Can you describe a bit more about the training process and data strategy. Load given to Inference in the paper

Question

Can you describe a bit more about the training process and data strategy. Load given to Inference in the paper

deshwalmahesh opened this issue a year ago · 2 comments

Hi,
I read the paper and apart from a single line as Instruction Fine Tuning paradigm, there is nothing regarding the training process. Looking at the code, it seems like you're using the full fine tuning of the model and not PEFT style like LoRa or p-tuning etc. Did you try that too?

How may GPU and time it took for different datasets (it says you tested with different sizes of datasets ranging from 3K - 100K)

What was the data size vs training time?

Things like these would be helpful,
Thanks

Answer 1 · 2023-10-28T14:56:02.000Z

Thanks for your interest!
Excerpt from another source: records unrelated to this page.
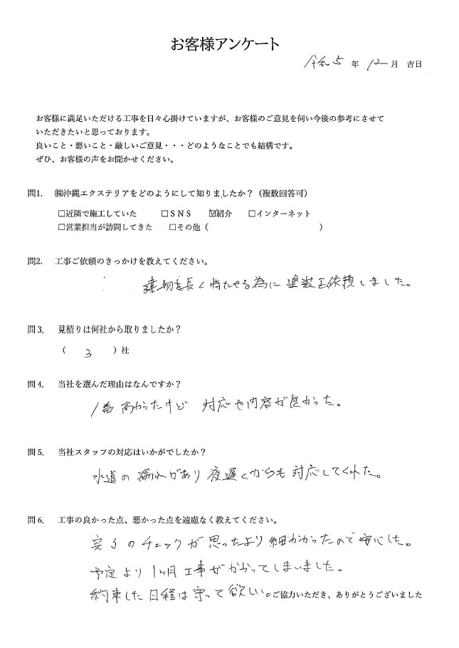 | 住所・お名前 | 宜野湾市 M様 |
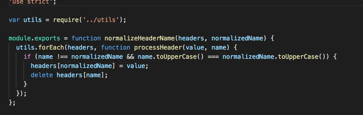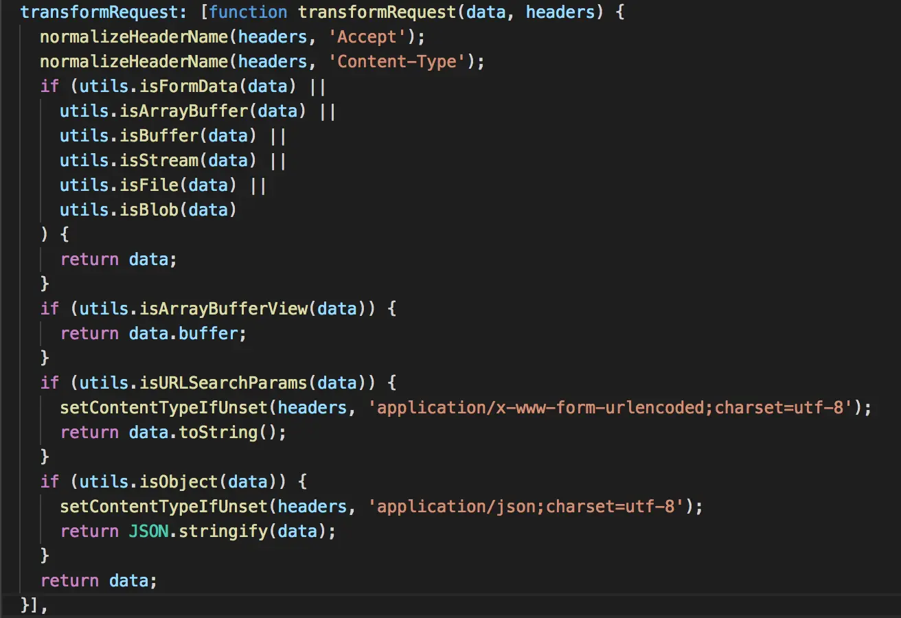 注意这个属性是一个数组,包含一个函数作为数组元素,这个函数有两个参数,一个是请求数据data,一个是请求头信息,可以看出,这个函数首先调用normalizeHeaderName这个helper目录下的辅助方法,对请求头信息的字段名称做规范化处理,保持请求头字段名称一致,方便后续处理
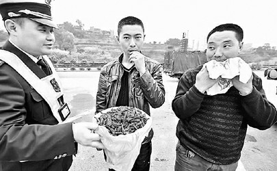 本报讯 重庆消息:10日,渝武高速公路团山堡服务区疲劳驾驶休息点。川籍货车司机陈军洗完脸后,目光停留在桌上供疲劳司机自选的提神用品上。“这东西提神肯定来劲!”他伸手抓起一个干辣椒,丢进嘴里嚼起来…… 从上周一开始,重庆市高速公路执法支队在服务区建起疲劳驾驶休息点。司机进入休息点后,除可以睡觉休息外,还可以选择嚼干辣椒、擦风油精等方式提神解乏(见图)。 执法队员说,为何想到用辣椒提神?据称,开车上渝武高速公路的疲劳司机中,四川、云南和湖南人居多,而俗话说四川人不怕辣、云南人辣不怕、湖南人怕不辣。 据介绍,辣椒摆出9天来,千余司机已吃掉1.5公斤。 嚼完辣椒并不意味着司机就可以前行。“我们会劝导他们睡一会儿。”执法队员说,上周一起,已有38个疲劳司机在休息点床上睡过觉,有一位司机足足睡了约两小时。

The time cost of full fine-tuning is present below :

	GPUs	3.5K samples	10K samples	30K samples	100K samples
7B	8	0.30	0.82	2.38	7.77
13B	8	0.55	1.51	4.33	14.83
33B	16	0.77	2.08	5.85	20.29

The GPU we used is A100 (40G) and the unit of time in this table is the hour.
We also plan to add the PEFT training scripts in November. :)

Answer 2 · 2023-10-30T05:09:43.000Z

Hey @Unrealluver thanks for your response.

Can you please also share whether you tried PEFT approaches for fine- tuning and if you did, what was the results for those and also WRT dataset size.

Also, did you test with Classification / Regression Head if you were concerned about the scores of two answers?